Thanks for that - your right. It's extremely hard to do and I almost always fail at it, but I think that deep honesty and acceptance is what we're all longing for and what true fellowship looks like. I'm planning to write a post on this for my own blog - do you mind if I quote you?

My only question is how far is too far? Agreed 100% that we shouldn't just dump a high standard on new Christians, but at the same time we should be obeying God out of thankfulness and love - our fruits do prove our faith. But they certainly don't save us, and we do need to be honest ith one another.

Anonymous said...

I spent 10 years in a church like this. Our counseling center was filled with people who were too ashamed to be real in their small group. One couple thought their sin disqualified them from membership in the church. The "righteous" scorned those with "problems" like cutting or depression or anxiety as if self righteousness wasn't right up there with idolatry as the top sins in the Bible.

Thanks for writing. I pray that the Holy Spirit will direct it to many.

Chris Erwin said...

Brother,

Your overall point surely is correct and helpful. But I have to say that some of this sounds, to be frank, somewhat bitter. The comments about "saddling" new converts with spiritual disciplines -- spiritual disciplines are important, and new converts have no familiarity with them. Yes, they can be recommended and taught in a legalistic manner, but surely not always. And the comments about no one (more or less) really enjoying small groups? If that's been your, or your church's experience, I'm saddened to hear that; it certainly isn't mine, or that of many believers I know. I love small group meetings -- in my experience, they are often the place where the very things you're calling for (transparency, etc.) happen most truly and freely.

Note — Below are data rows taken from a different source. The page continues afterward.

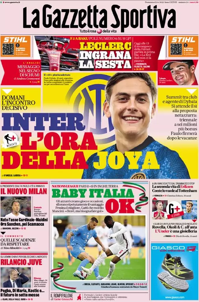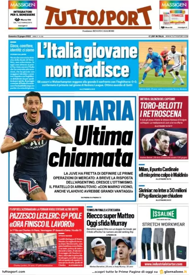 Prime pagine quotidiani sportivi 12 giugno 2022: Dybala-Inter e Di Maria-Juve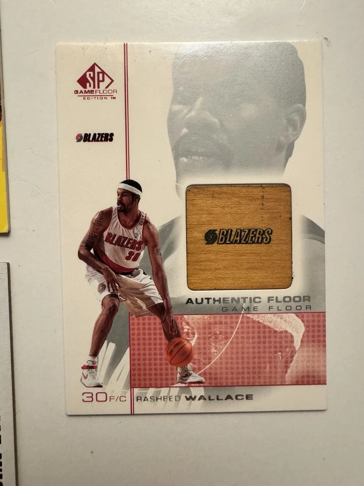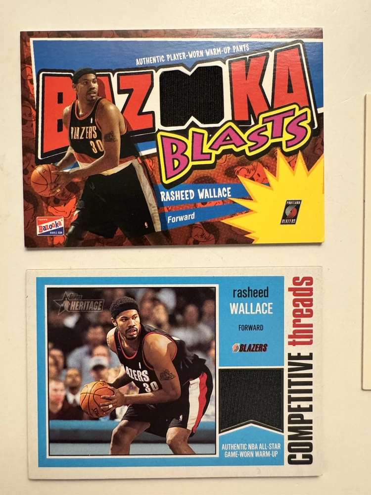 The product is a lot of three Rasheed Wallace patch memorabilia cards from the 2002 Topps Heritage set. These sports trading cards feature Rasheed Wallace, who played for the Portland Trail Blazers and Detroit Pistons in the 2002-03 NBA season. The cards are inserts with chase elements, showcasing memorabilia patches from Wallace's jerseys. Made by Topps, they are a desirable collector's item for basketball fans.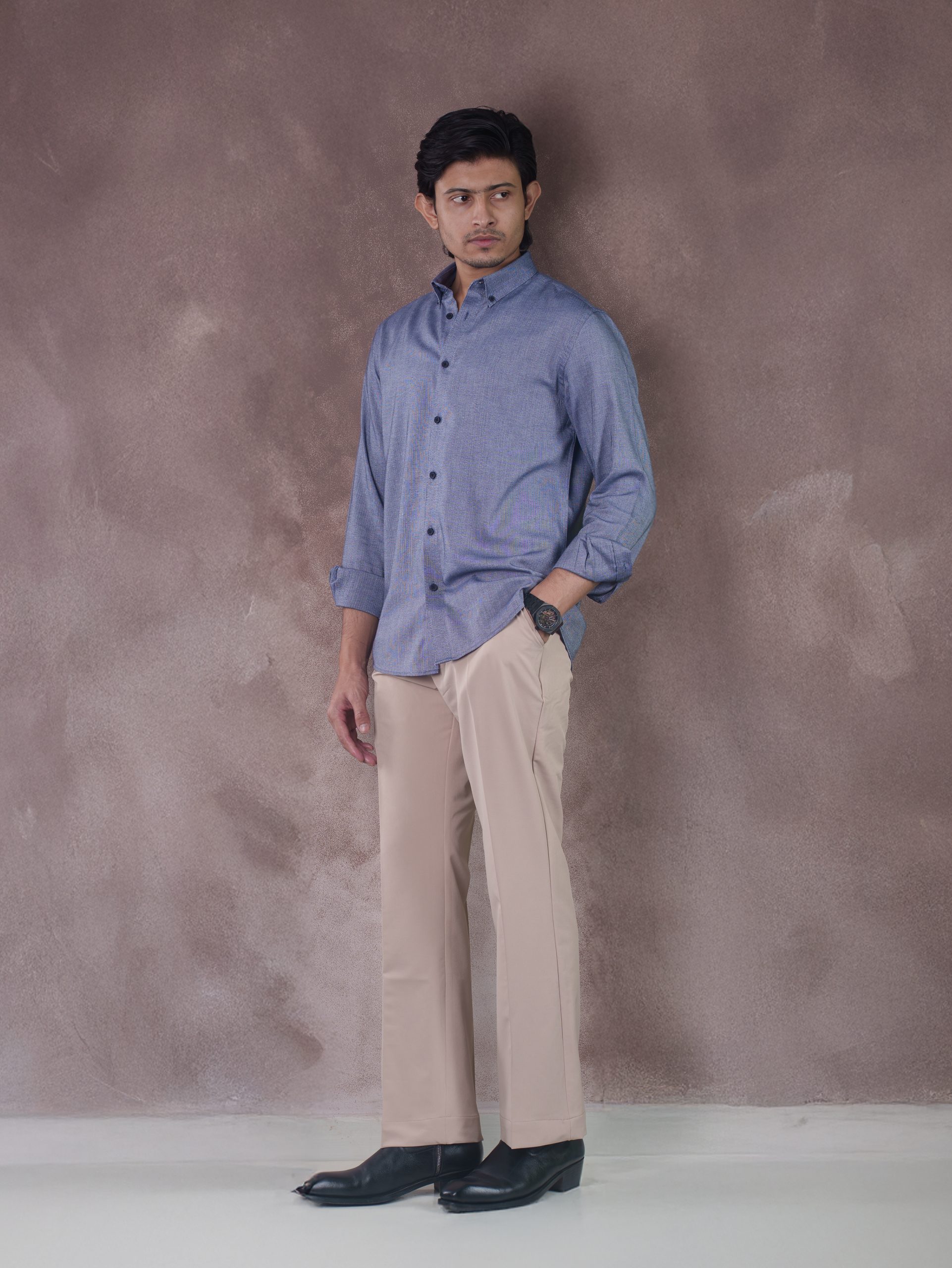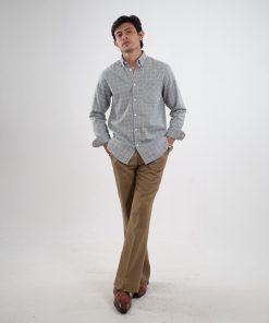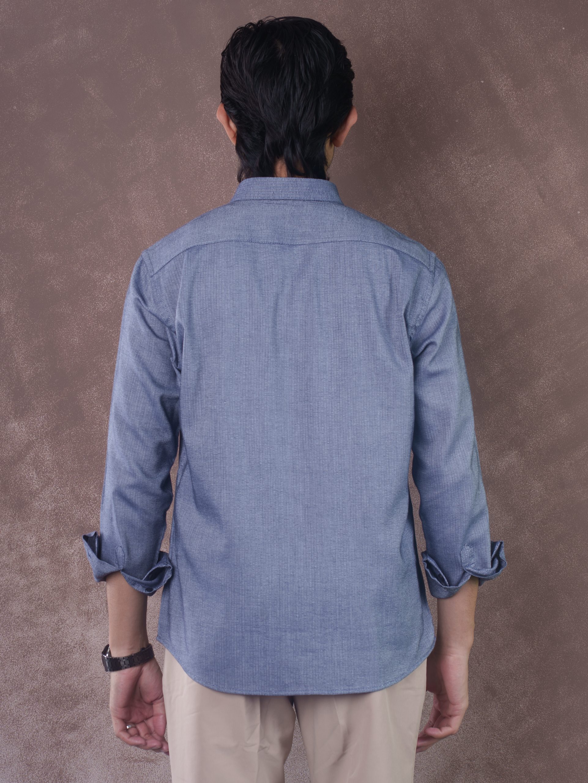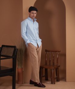 The SPECTRUM Azure Ash Shirt exudes elegance and authority. Crafted from 100% premium cotton, this shirt features a sophisticated micro-striped pattern in an ash-blue tone that provides a sharp and elongated silhouette. The fabric has a smooth, high-density finish, ensuring a crisp look that stays refined all day. Its lightweight and breathable construction makes it a perfect choice for professional settings or sophisticated evening wear.

Baby, bathwater... you know how that goes, right? :)

David Atkins said...

Dane, there is a small book entitled "Revival" by Richard Owen Roberts that addresses the confession of sin in the corporate setting. This topic is just a page or two out of a wealth of wisdom about how to pray for revival, recognizing what real revival is, and being prepared for "managing" revival (not a good term, but the best I can think of at the moment) should God graciously give it. I'm guessing you know Roberts, given both your job and place of residence. I think the book is out of print now. Perhaps this is a good time for you to do a reprint?

Jeff Cagwin said...

Amen. Thanks, Dane.

Brad said...

Would love to hear specifics of your sin and disbelief! I'm on mission and in community so I hear of the specifics of sin and unbelief. To be honest, it is pretty horrifying and discouraging. It's actually not that great to be living life with alcoholics, prostitutes, homosexuals,pornographers etc. I tend to think that people who read books about grace and talk about grace are not in touch with people who have actually destroyed their lives and are addicted to sin.